God’s Word for the World

  • Reverend Dale Walker
  • Jan 3, 2010

Tom Long has spent most of his ministry teaching preachers to preach, first at Princeton Theological Seminary, and now at Candler School of Theology at Emory University.  He also often leads workshops around the country on preaching and worship.  At the end of one such workshop, after two days of talking about interesting ways to approach a sermon and make worship a truly spiritual experience, he invited questions.  One man’s concern wasn’t about the merits of various forms for a sermon, nor whether the offering should come before or after the sermon, nor how often communion should be celebrated.  Rather, he wanted Dr.
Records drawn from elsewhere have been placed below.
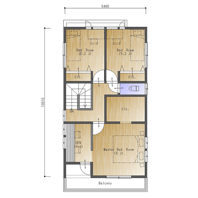 北玄関、東西の間口3.0間(5460㎜)、南北の奥行が5.5間(10010㎜)の参考プランです。
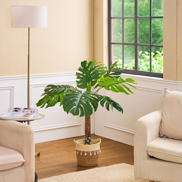 Artificial Plant 4 ft. Artificial Monstera Tree in Pot, Faux Swiss Cheese with Fake Bark and Moss, Indoor/Outdoor Decor
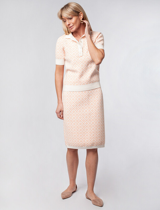 Юбка карандаш выполнена из эластичной поливискозы. Жаккардовое переплетение с геометрическим узором и прямой силуэт визуально стройнят и делают фигуру гармоничной. Мягкое и приятное изделие совершенно не колется и приятное к телу. Сочетайте в костюме с джемпером-поло D39.634 или жакетом D31.388. А также как самостоятельный элемент в комплекте с белой блузкой или светлым жакетом.
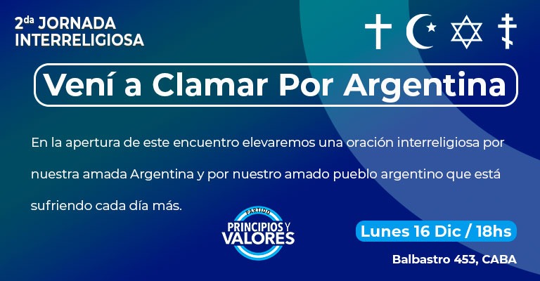 Este lunes 16 de Diciembre a las 18 hs en la sede del Sindicato del Vidrio de Balbastro 453 CABA, se realizara la segunda Jornada Interreligiosa organizada por el Partido Principios y Valores y el CEJUS (Consejo Evangélico Justicialista) que preside el Pastor David Sebastian Arrighi.
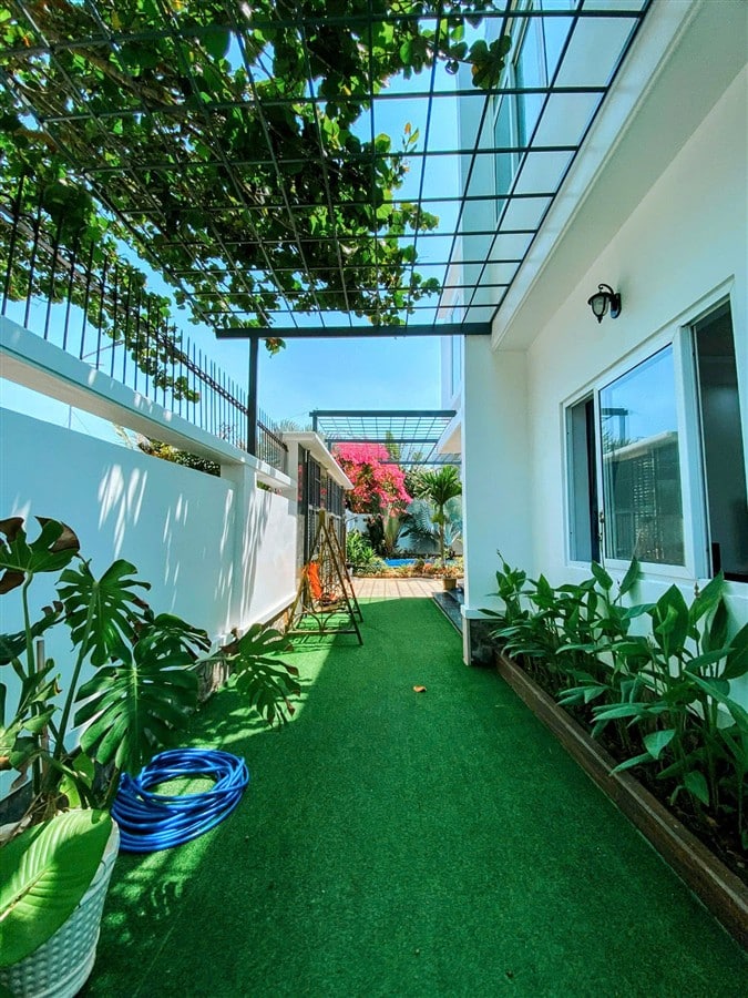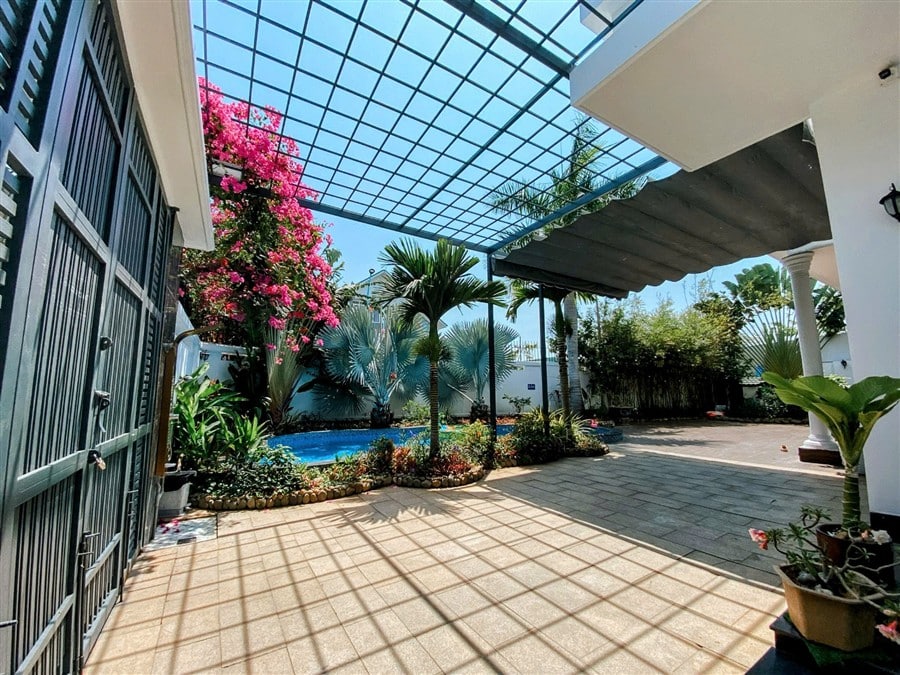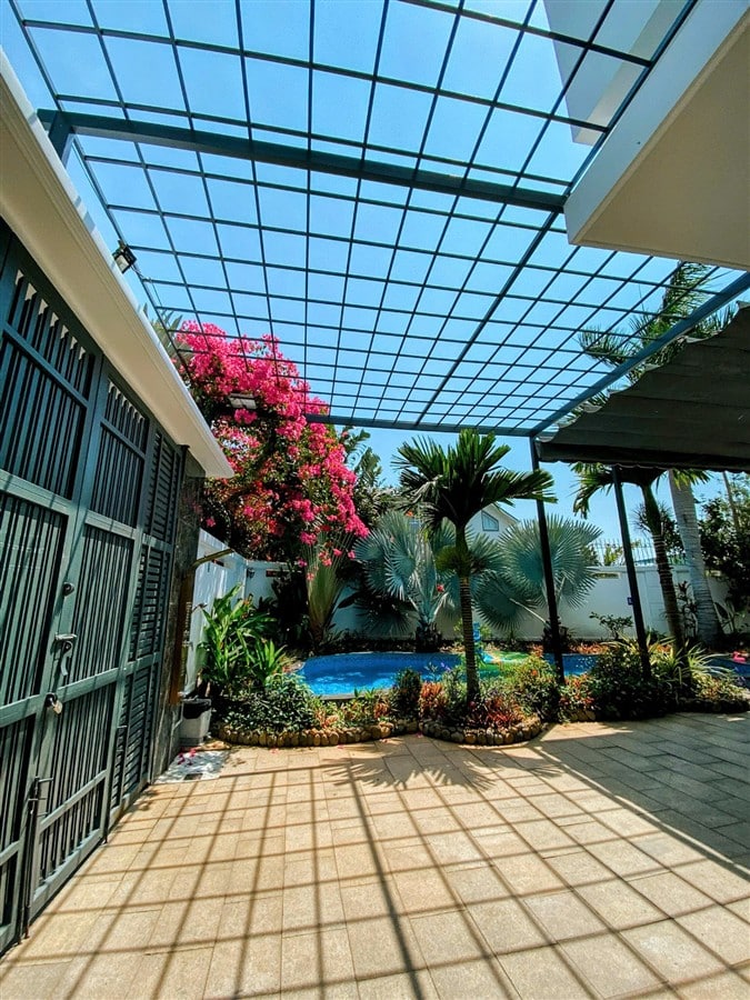Sân trong và sân trước rộng rãi đủ chỗ đậu 2–3 ô tô 7 chỗ, xe 16–30 chỗ ra vào và quay đầu thuận tiện. Không gian ngoài trời, hồ bơi và sân thượng tạo điều kiện hoàn hảo cho các hoạt động vui chơi, tổ chức tiệc hoặc nghỉ dưỡng dài ngày.

Long’s opinion on announcements—including prayer requests--during the worship service.  The questioner believed such mundane matters distract from the focus we should have on God—that they bring worshippers down from a spiritual “high” of “Holy, Holy, Holy!  Lord God Almighty!” to the “lowly, lowly, lowly” of budgets and times for circle meetings and calls for volunteers and who had what surgery.

 

Long disagreed, and cited this morning’s Gospel text as his reason.  The Christian faith is grounded and centered in our belief that, in the beginning was the Word, and the Word was with God, and the Word was God…And the Word became flesh and lived among usGod came into human history as a human being because God cares about us and the dayliness of our world—and expects us to do the same: to care about, and to care for trees, and cows, and especially people—in all our beauty and ugliness, our joy and sorrows, our very ordinariness.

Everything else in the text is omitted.